制作者のギャラはいくら払うか、いくらもらうか

このブログも長いのでエントリーがそれなりに溜まっているのですが、長期にわたってアクセス上位にくるのが「芝居の費用を計算する」です。全体の費用もそうですけど、みなさんスタッフ(各パート)のギャラを知りたがっているようです。

検索しているのはそのスタッフの親玉でもあり、払うほうでもある制作者と思われますが、その親玉自身がいくらギャラをもらうべきか、悩ましい問題です。私のエントリーでは最後に切上げて16万円強、経験者のfringeでは1ステージ1万円で計算していました。

そうしたらフリーの制作者の人がそのものずばりの「フリーランスの制作者のギャラはどうやって決めるのか 」という内容でブログに書いていました。安値で請負って持出しがかさんだ時期を経て、こういう方法にたどり着いたそうです。

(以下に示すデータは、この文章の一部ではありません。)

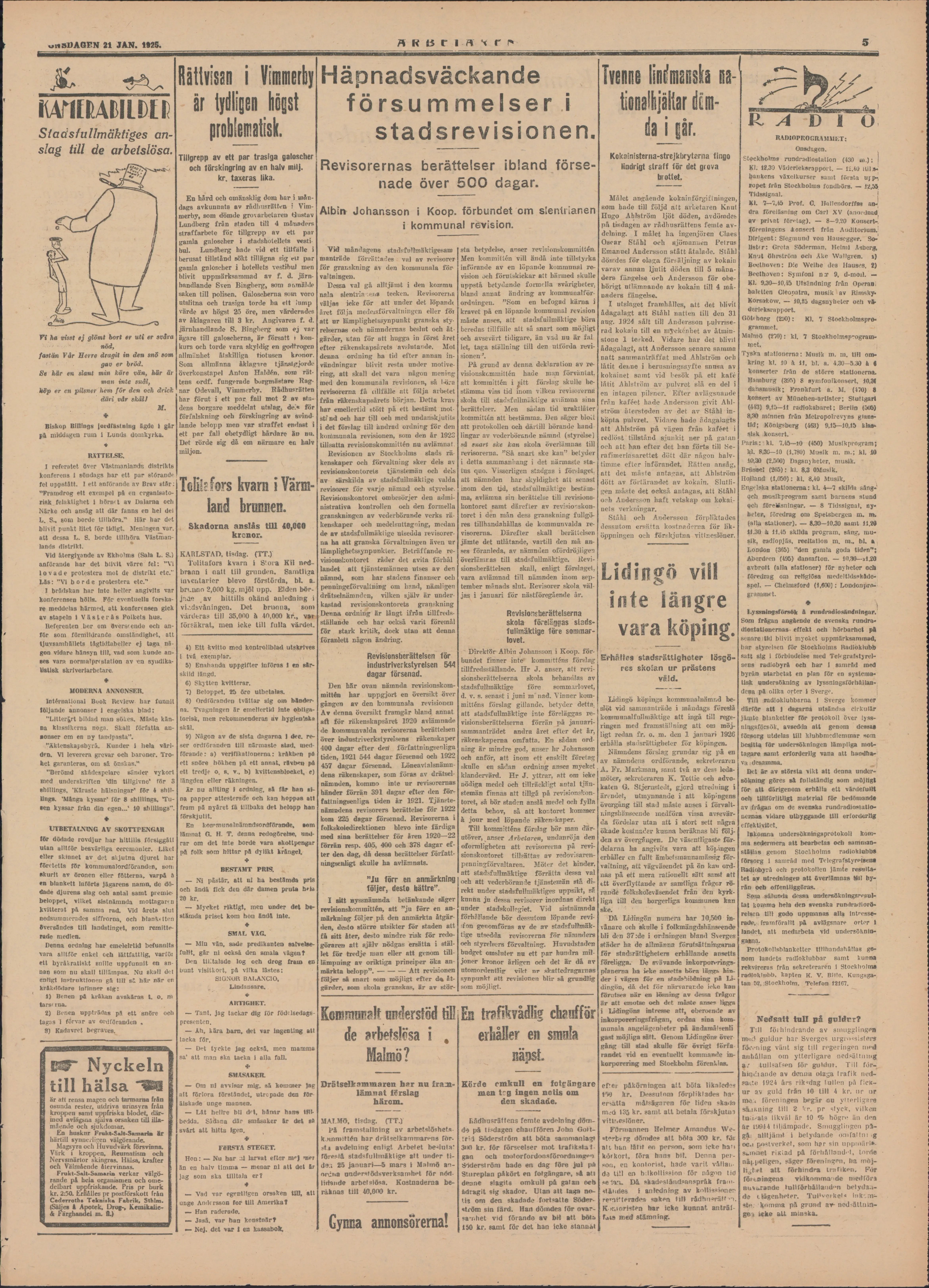 M K 45 r I H •< r I* efter påkörningen att böta likaledes 150 kr. Dessutom förpliktades ba* ersätta måtsigaren för tiden skada med 135 kr, samt att betala förskjutna vitlnestöner. Förmannen Helmer Amandus We sterberg dömdes att böta 300 kr. för alt han täftf en person, som icke bad körkort, föra hans bil. Denna per son, en kontorist, hade varit vållan de till en bilkollission för någon tid selar». Då skadeståndsanspråk fram ständes i anledning av koltissionen remitterades saken til) rådhusrätt vo. Kunomten har icke kurmat anträf fat» med stämning. 5 Rättvisan i Vimmerby är tydligen högst pr Tillgrepp av ett par trasiga galoscher och förskingring av en halv milj. kr. taxeras lika. En härd och omänsklig dom har i mån dags avkunnats av rådhusrätten i Vim merby, som dömde grovarbetaren Gustav Lundberg från staden till 4 månaders straffarbete för tillgrepp av ett par gamla galoscher i stadshotellets vesti bul. Lundberg hade vid ett tillfälle i berusat tillstånd sökt tillägna sig etr par gamla galoscher i hotellets vestibu) men blivit uppmärksammad av f. d. järn handlande Sven Bingberg, som anmälde saken till polisen. Galoscberna som voro utslitna och trasiga torde ba ett lump värde av högst 25 Öre, men värderades av åklagaren till 3 kr. Angivaren f. d. järnhandlande 8. Bingberg som ej var ägare till galoseherna, är försatt i kon kurs och torde vara skyldig en godtrogen allmänhet åtskilliga tiotusen kronor. Som allmänna åklagare tjänstgjorde överkonstapel Anton Haldån, som rät tens ordf. fungerade borgmästare Rag nar Odevall, Vimmerby. Rådhusrätten har förut i ett par fall mot 2 av sta dens borgare meddelat utslag, deis för förfalskning oeh förskingring av svind lande belopp men var straffet endast i ett par fall obetydligt hårdare än du. Det rörde sig då om närmare en kalv miljon. ivAMUlAriLILI Stadsfullmäktiges an slag till de arbetslösa. Mc V-e F» Äa j»sst ej glömt bort er uti er svära nöd, fastän Vår Herre dragit i» den snö som gav er bröd. Se här en slant min käre vän, här är man inte snål, köp er en pilsner hem för den och drick därt vdr skålJ M. * ltiskop Billions joidfäslnlnij ägde l går på middagen rum i Lunds domkyrka, * RÄTTELSE. 1 referatet över Västmanlands distrikts konferens I söndags har ett par störande fel uppstått. I ett anförande av Brav står: ”Framdrog ett exempel på en organisato risk felaktighet i hörnet av Daiarna och Närko och ansåg att där fanns en hel del L. S., som borde tillhöra.” Här har det blivit punkt litet för tidigt. Meningen var. att dessa L. S. borde tillhöra Västman lands distrikt. Vid återgivande av Ekholms (Sala L. S.) anförande har det blivit värre fel: ”Vi lovade protestera mot de distrikt etc." Läs: ”Vi borde protestera etc.” 1 brådskan har Inte helter angivits var konferensen hölls. För eventuella forska re meddelas härmed, att konferensen gick av stapeln 1 Västerås Folkets hus. Referenten ber om överseende och an för som förmildrande omständighet, att tjuvsamhällets tågtidtabeller ej taga nå gon vidare hänsyn till, vad som kunde an ses vara normalprestation av en syndika Ustisk skriveriarbetare. * MODEllNA ANNONSER. Intérnational Book Review har funnit följande annonser i engelska blad: "Lilterjjrt bildad man sökes. Måste kån na klassikerna noga. Skall författa an •onser om en ny tamlpasta". ”Äktenskapsbyrå. Kunder i hela vårl dfn. Vi leverera grevar oeh baroner. Tro het garanteras, om så önskas.” ”Berömd skådespelare sänder vykort med underskriften 'din tillgivne’ för 3 Bhtllings, 'Käraste hälsningar’ för 4 shil lings. 'Många kyssar’ för 8 shillings. Tu sen kyssar från din egen...’ iO shillings”. + ETBETALNING AV SKOTTPENGAR för dödade rovdjur har bittiils försiggått utan alltför besvärliga ceremonier. Liket eller skinnet av det skjutna djuret har företetts för kommunalordföranden, som skurit av öronen eller fötterna, varpä ä «n blankett införts jägarens namn, de dö dade djurens slag och antal samt premie beloppet. vilket sistnämnda mottagaren kvitterat på samma rad. Vid årets slut nedsummerades slfrrorna, och blanketten översändes till landstinget, som remitte rade medlen. Denna ordning har emelelrtid befunnits vara alltför enkel och lättfattlig, varföi ett byråkratiskt snille uppfunnit en an nan som nu skall tillämpas. Nu skall del entigt instruktionen gä titt så här när en krftkdödare infinner sig; 1) Benen pä kråkan avskäras t. o. ni tars< rna. 2) Benen uppträdas pä ett snöre ooh tagas i förvar av ordföranden . 8) Kadavret begraves. R A D I O RADIOPROGR A M MET; Onsdagen, Stoekholms rnndradlostation (430 m.): | Kl. 12,30 Väderleksrapport. — 12,40 Hils bankens växelkurser samt första uj pi ropet frän Stockholms fondbörs. — 12,55 Tidssignal. Kl. 7—7,45 Prof. C. Hallendorffss an dra föreläsning om Carl XV (anordnad av privat företag). — 8—9,20 Konsert-! föreningens ionsert frän Auditorium: Dirigent: Siegmund von Hauscgger. So llstfr: Greta Söderman, Helmi Åsberg, Knut ölirström oeh Äke Wallgren. ») Beelhoven: Die Weihe des Hauses. 2) Beethoven: Symfoni n:r 9, d-moil. — Kl. 9,30—10,45 Utsändning från Operan, baletten Cleopatra, musik av Rimsky. Korsa+.ow. — 10,15 dagsnyheter ocli vä derleksrapport. Gött borg (290): K). 7 Stockholmspro- grammot. Malmö (270): kl. met. Tyska stationerna kring kl. 10 å 11, bl. a. 4,30-5,30 å < konserter frän de större stationerna. Hamburg (395) 8 symfonikonsert, 10,34 dansmusik; Frankfurt a. M. (470) 8 konsert av Mfinchen-artister; Stuttgart (443) 9,15—11 radiokabaret; Berlin (506) 8.30 minnen frän Metropolrevyns glans tid; Königsberg (463) 9,15-10,15 klas sisk konsert. Paris: kl. 7.45—10 (450) Musikprogram; kl. 8,30-10 (1,780) Musik m. m.; kl, 10 10.30 (2,500) Dagsnyheter, musik. Brussel (265): kl. 8,3 OMusik. Ilojland (1,050): kl. 8,40 Musik.

そこで私が考えたのが、単位制にするという方法でした。
最初は1単位=15万円。

これだと、15万円以下の仕事は無い(受けない)ということになります。
15万円の次は、30万円(2単位)です。

さすがに、15万円と30万円だったら、ある仕事を依頼された際にその内容で15万か30万かは自分で判断がつきますよね。

こんな感じで、報酬は15・30・45・60…と15単位でしか刻みがなければ、かかわる日数や、本番の拘束日数、制作に求められるレベル(プロジェクトの難易度)によって、自分の中では比較的簡単にギャラが提示できます。

(中略)
ちなみにフリーランス3年目で1単位=15万円からはじめ、4年目で20万円に値上げしました。今年は5年目でございます。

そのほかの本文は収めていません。